Ambitious as such projects are, they are also — at least by theater standards — time-consuming and forbiddingly expensive. The Royal Shakespeare Company’s “Dream” wouldn’t have been possible without corporate sponsorship and a hefty grant from a roughly $55-million British government fund promoting digital arts innovation. The latest iteration of “All Kinds of Limbo” relies on a partnership with Microsoft and livestreaming platform Dice.

There is also the question of audience. Although theater-led projects such as “Dream” and “All Kinds of Limbo” have gained positive reviews, they have attracted only a tiny fraction of the 12 million viewers who watched a 2020 virtual performance by rapper Travis Scott in the online game Fortnite. The chances of monetization at scale look slim, at least for now.

And the irony is that, although the pandemic may have whetted audience appetites for digital drama, it has had devastating consequences for theater companies themselves. The National Theatre’s Immersive Storytelling Studio originally had four staff members; after belt-tightening layoffs in the company, it is now just Coffey and one full-time co-worker. “Even before the pandemic, we could have been doing 10 times more” than we had resources to be able to do, Coffey said. “We need to work within those restrictions.”
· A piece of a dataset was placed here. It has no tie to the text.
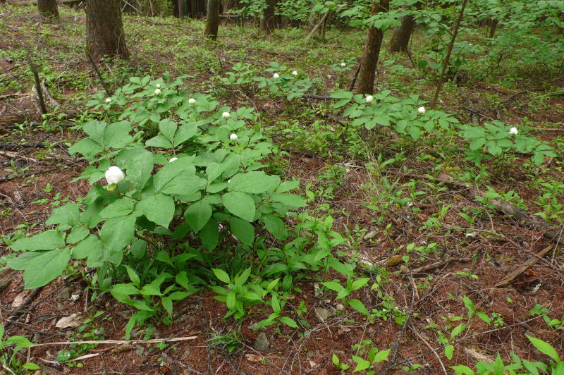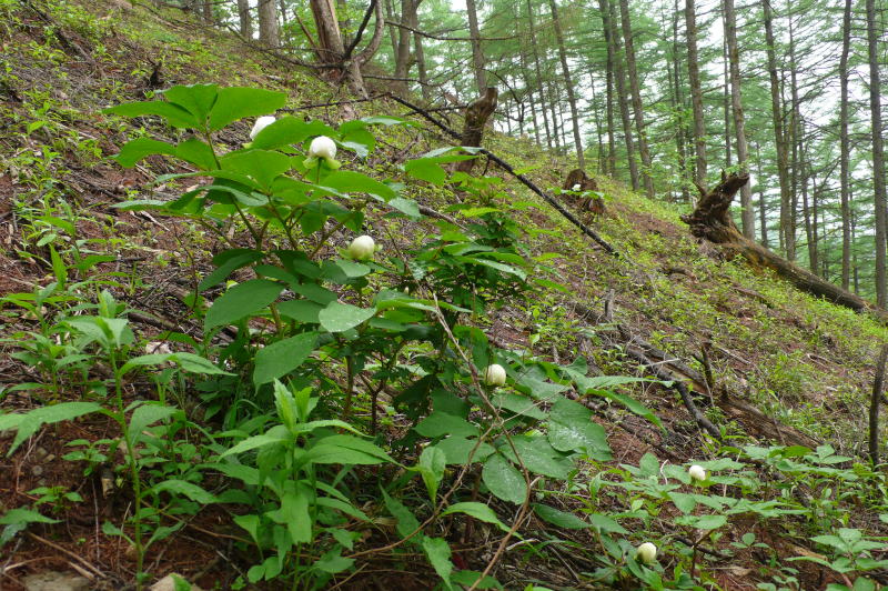 開けたところにヤマシャクヤクがポツン、ポツンと生えていて、

What happens next is up for debate. The National Theatre is working on redeploying the app and distribution platform used for “All Kinds of Limbo” into something that works for other projects. Panetta said that the metaverse, if it genuinely takes off, offers its own possibilities for live performance. “It’s difficult to see what the pathway is," she said. "I suspect it’ll be a mix of many different things.”

So how long until we’re watching Ibsen or Shakespeare in augmented reality at our kitchen tables? Coffey laughed, then cautioned that designing successful AR performances was still an emerging skill. “But someday it’ll happen, I have no doubt,” he said.



'All Kinds of Limbo'

Streaming through Jan. 30; allkindsoflimbo.com.